If an entry holds a picture, leave the picture out and copy the rest exactly.
(EXERCISE MATERIAL Opens)
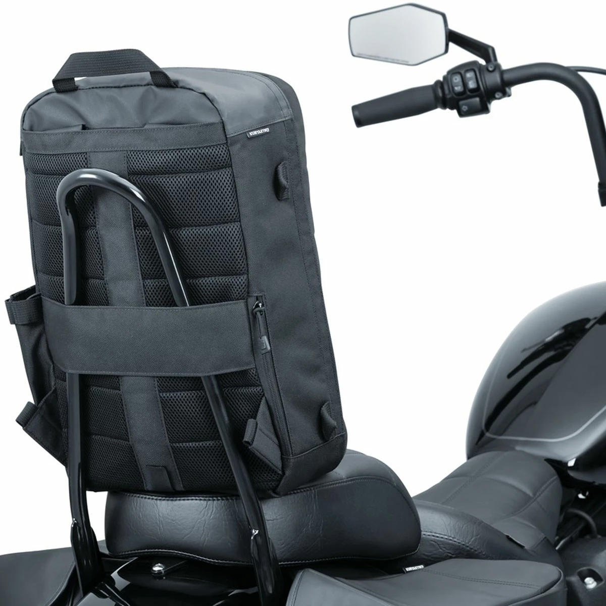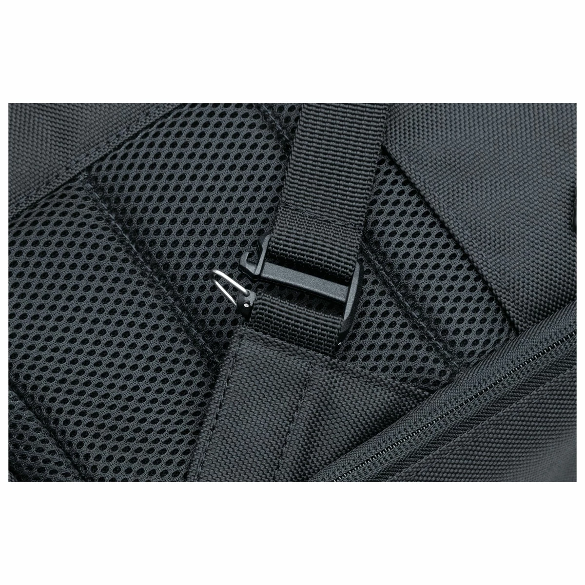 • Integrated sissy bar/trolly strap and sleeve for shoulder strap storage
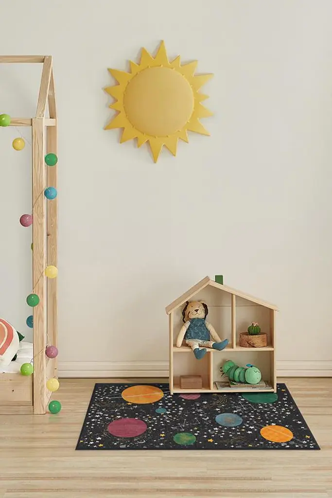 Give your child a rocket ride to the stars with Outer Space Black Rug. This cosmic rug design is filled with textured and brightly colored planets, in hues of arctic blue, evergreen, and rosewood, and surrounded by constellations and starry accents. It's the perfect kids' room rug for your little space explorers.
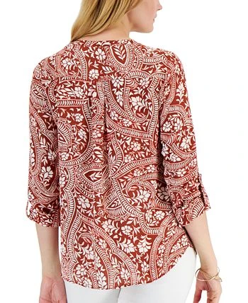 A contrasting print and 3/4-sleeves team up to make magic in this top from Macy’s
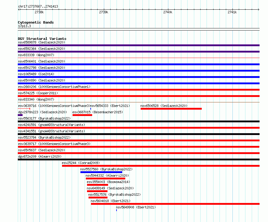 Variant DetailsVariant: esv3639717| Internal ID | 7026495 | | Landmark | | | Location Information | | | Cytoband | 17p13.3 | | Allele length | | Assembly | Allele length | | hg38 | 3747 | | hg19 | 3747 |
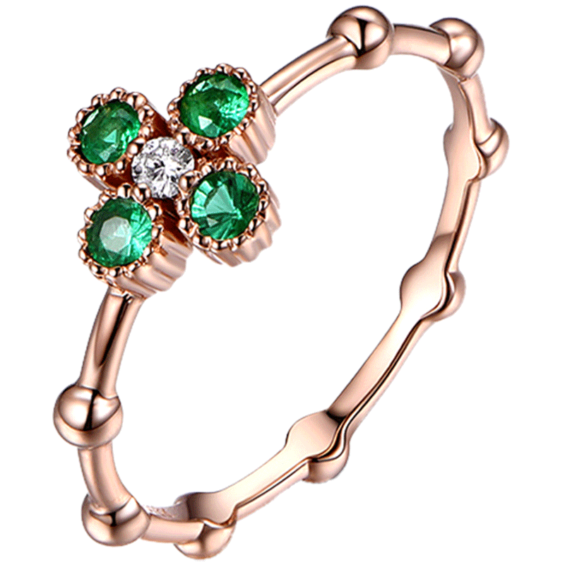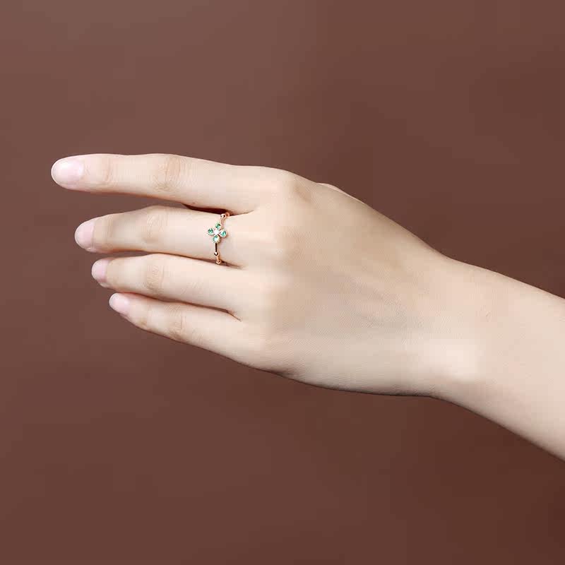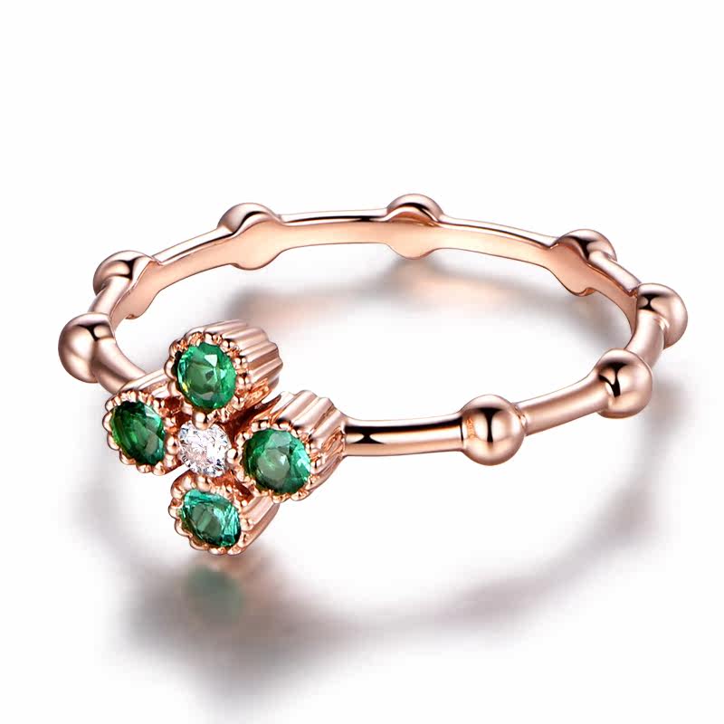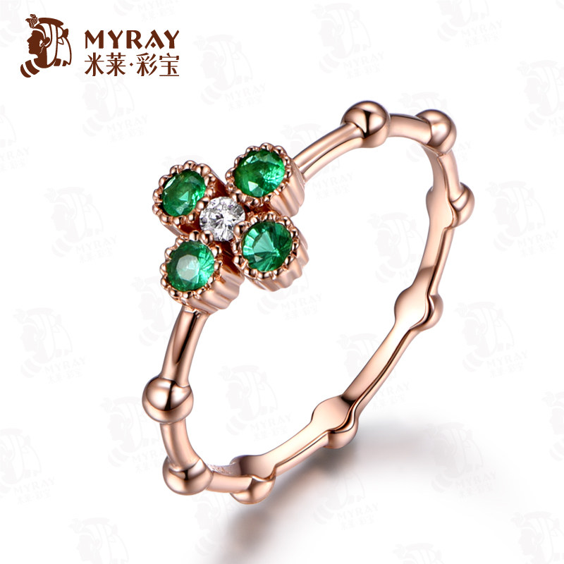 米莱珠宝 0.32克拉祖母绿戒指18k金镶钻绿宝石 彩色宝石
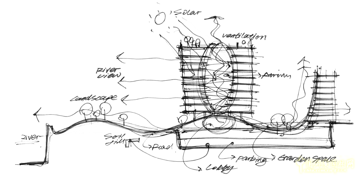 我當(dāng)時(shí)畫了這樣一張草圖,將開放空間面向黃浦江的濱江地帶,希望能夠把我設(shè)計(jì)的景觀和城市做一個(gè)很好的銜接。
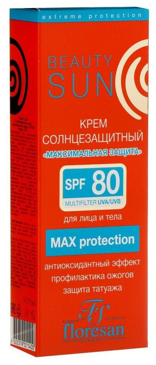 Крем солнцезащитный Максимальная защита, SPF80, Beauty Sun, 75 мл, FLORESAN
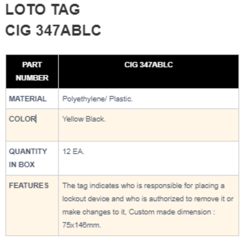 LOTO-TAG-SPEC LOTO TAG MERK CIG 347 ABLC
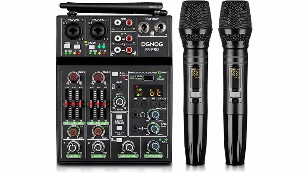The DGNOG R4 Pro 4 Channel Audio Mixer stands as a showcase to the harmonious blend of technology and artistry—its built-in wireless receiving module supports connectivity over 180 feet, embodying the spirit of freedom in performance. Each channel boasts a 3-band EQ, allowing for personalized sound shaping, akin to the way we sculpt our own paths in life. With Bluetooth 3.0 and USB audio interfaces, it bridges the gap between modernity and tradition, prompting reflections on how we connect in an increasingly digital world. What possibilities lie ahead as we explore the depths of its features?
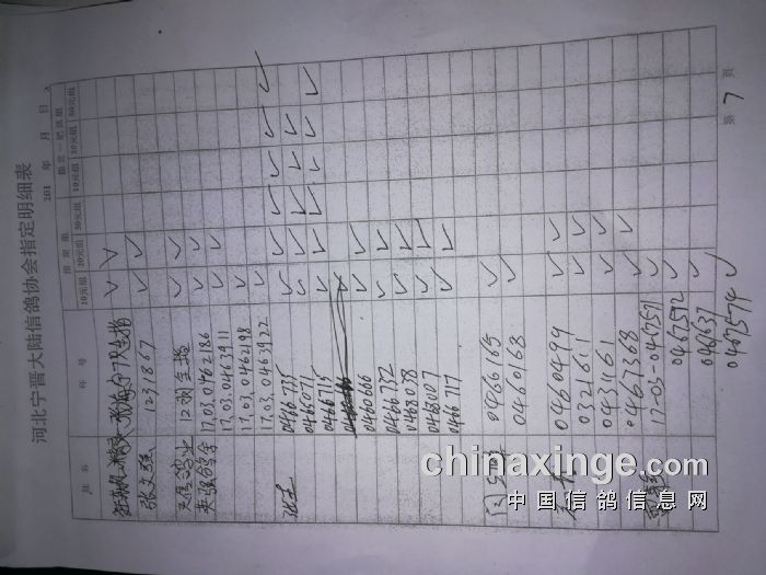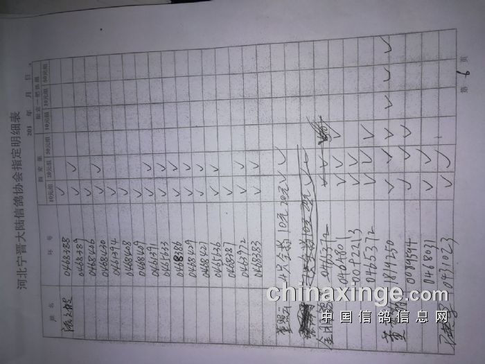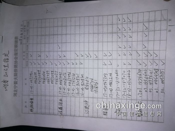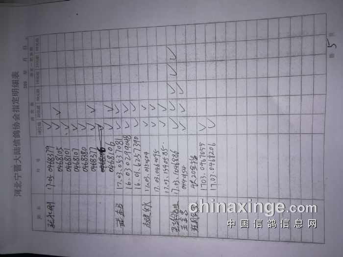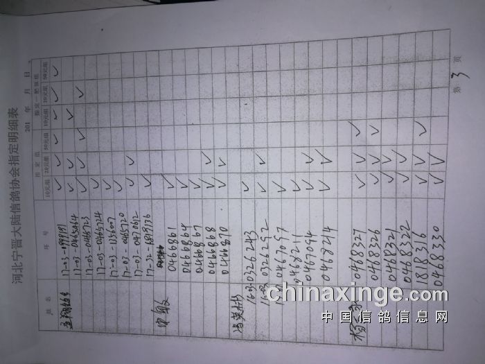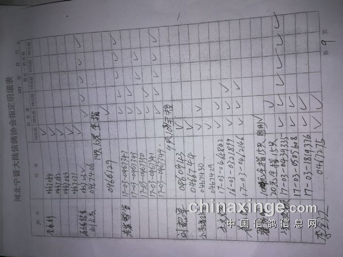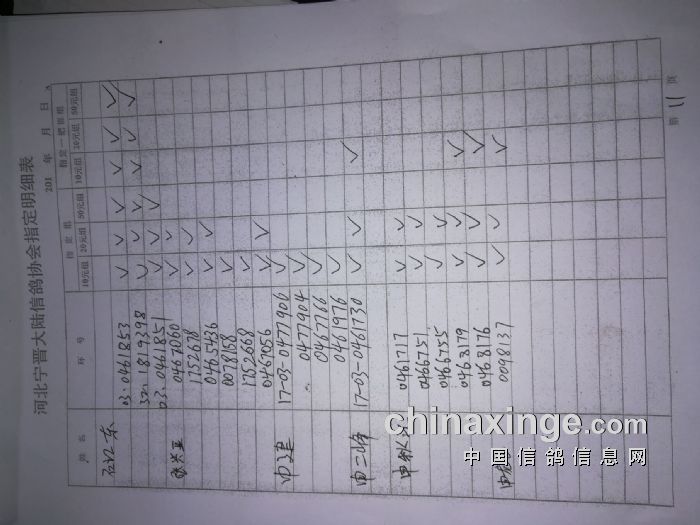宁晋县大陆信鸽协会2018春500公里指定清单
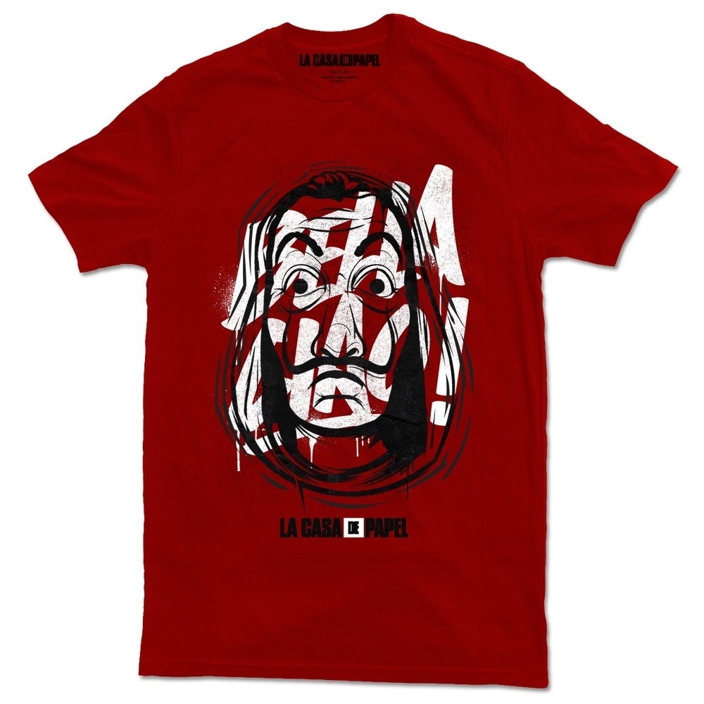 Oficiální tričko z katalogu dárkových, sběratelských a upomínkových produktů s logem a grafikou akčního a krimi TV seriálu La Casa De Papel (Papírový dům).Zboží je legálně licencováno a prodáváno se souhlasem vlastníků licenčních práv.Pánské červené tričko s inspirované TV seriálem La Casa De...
(EXERCISE MATERIAL Closes)
## EXPECTED OUTPUT
 • Integrated sissy bar/trolly strap and sleeve for shoulder strap storage
 Give your child a rocket ride to the stars with Outer Space Black Rug. This cosmic rug design is filled with textured and brightly colored planets, in hues of arctic blue, evergreen, and rosewood, and surrounded by constellations and starry accents. It's the perfect kids' room rug for your little space explorers.
 A contrasting print and 3/4-sleeves team up to make magic in this top from Macy’s
 Variant DetailsVariant: esv3639717| Internal ID | 7026495 | | Landmark | | | Location Information | | | Cytoband | 17p13.3 | | Allele length | | Assembly | Allele length | | hg38 | 3747 | | hg19 | 3747 |
 米莱珠宝 0.32克拉祖母绿戒指18k金镶钻绿宝石 彩色宝石
 我當(dāng)時(shí)畫了這樣一張草圖,將開放空間面向黃浦江的濱江地帶,希望能夠把我設(shè)計(jì)的景觀和城市做一個(gè)很好的銜接。
 Крем солнцезащитный Максимальная защита, SPF80, Beauty Sun, 75 мл, FLORESAN
 LOTO-TAG-SPEC LOTO TAG MERK CIG 347 ABLC
The DGNOG R4 Pro 4 Channel Audio Mixer stands as a showcase to the harmonious blend of technology and artistry—its built-in wireless receiving module supports connectivity over 180 feet, embodying the spirit of freedom in performance. Each channel boasts a 3-band EQ, allowing for personalized sound shaping, akin to the way we sculpt our own paths in life. With Bluetooth 3.0 and USB audio interfaces, it bridges the gap between modernity and tradition, prompting reflections on how we connect in an increasingly digital world. What possibilities lie ahead as we explore the depths of its features?
宁晋县大陆信鸽协会2018春500公里指定清单
 Oficiální tričko z katalogu dárkových, sběratelských a upomínkových produktů s logem a grafikou akčního a krimi TV seriálu La Casa De Papel (Papírový dům).Zboží je legálně licencováno a prodáváno se souhlasem vlastníků licenčních práv.Pánské červené tričko s inspirované TV seriálem La Casa De...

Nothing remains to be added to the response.